OOM in sme-smj, loops through same rules over and over again (not sure if it ever ends)
unhammer opened this issue · 3 comments
$ echo '– Lea stáhtahálddašeaddji rolla sihkkarastit ahte boazodoallit,
báikkálaš ja regionálalaš eiseválddit gulahallet ja lea maid
stáhtahálddašeaddji bargu oahpahit aktevrraide boazodoalo
areáladárbbu. Departemeanta lea 2021 vuosttaš jahkebeale gárveme
sierra bagadallama boazodoalu ja plána- ja huksenlobi birra mii galgá
nannet boazodolliid plána- ja huksenlobi gelbbolašvuođa ja mii galgá
nannet fylkkagielddaid ja gielddaid gelbbolašvuođa boazodoalus ja
boazodoallovuoigatvuođain, lohká Skogan.' | apertium -d . sme-smj_rtx
hangs.
or with input-to-rtx.txt since giella-smj doesn't have updated packages to build with:
$ cat input-to-rtx.txt | rtx-proc --anaphora sme-smj.rtx.bin
^–<punct>$ ^Liehket<vblex><indic><pres><p3><sg>$ ^stáhttaháldadiddje<n><nomag><sg><gen>$ ^roalla<n><sg><nom>$ ^sihkarasstet<vblex><inf>$ ^jut<cnjsub>$ ^ælloniehkke<n><pl><nom>$^,<cm>$
^bájkálasj<adj><attr>$ ^ja<cnjcoo>$ ^regiåvnålasj<adj><attr>$ ^oajválasj<n><pl><nom>$ ^guládallat<vblex><indic><pres><p3><pl>$ ^ja<cnjcoo>$ ^liehket<vblex><indic><pres><p3><sg>$ ^stáhttaháldadiddje<n><nomag><sg><nom>$
^aj<adv>$ ^barggo<n><sg><nom>$ ^åhpadit<vblex><supn>$ ^akterra<n><pl><ill>$ ^ællosujtto<n><sg><gen>$
^areálla<n><cmp_sgnom><cmp>+dárbbo<n><sg><acc>$
and then it hangs.
With --rules
we see it go through the same rules over and over again.
(Could some sort of per-sentence memoisation / dynamic programming be useful?)

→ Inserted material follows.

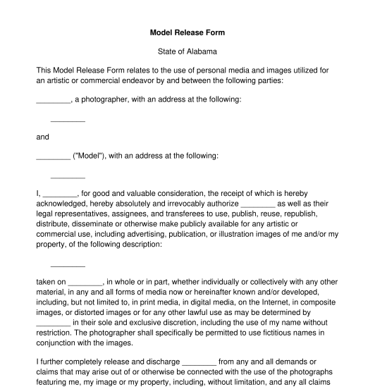 Photo studios film making companies producers modelling agencies and other companies in the media industry utilize release forms such as photo release forms and video release forms among others to transfer all rights and claims on the material whether it is a video photo or film to the producer. A model release form is important to protect photographers from liability and licensing claims that may arise down the road. If you are planning to take pictures to publish on a website in a publication or on any other type of materials that might be distributed its essential to get signed photography release forms that grant you permission to publish likenesses of the people and objects in your photos.

I had previously concluded that caching was impossible because of shared state (global variables, destructive updates, etc), but now I think it might be possible for the compiler to flag which rules access or update that state and then at runtime everything else can be cached once the input reaches some threshold.
In the shorter term, does adding -F
help at all? (Also I just realized that the long versions of -f
and -F
are identical, so I should fix that.)
Can you give examples of shared state? I'm not sure if we're using that or not.
EDIT: I see https://wiki.apertium.org/wiki/Apertium-recursive/Formalism#Global_Chunk_Variables is one such; pretty sure we're not using that at least. What's a destructive update?
But -F
does help! Now that long sentence translates in half a second. I haven't checked tests yet for what effect it has though :)
chunk variables, string variables, node insertion, and <let>
(which only applies if you're writing rules in XML).
Though I think it's also entirely possible that the bytecode interpreter is not the bottleneck and our actual problem is allocating thousands of nodes to store the different paths.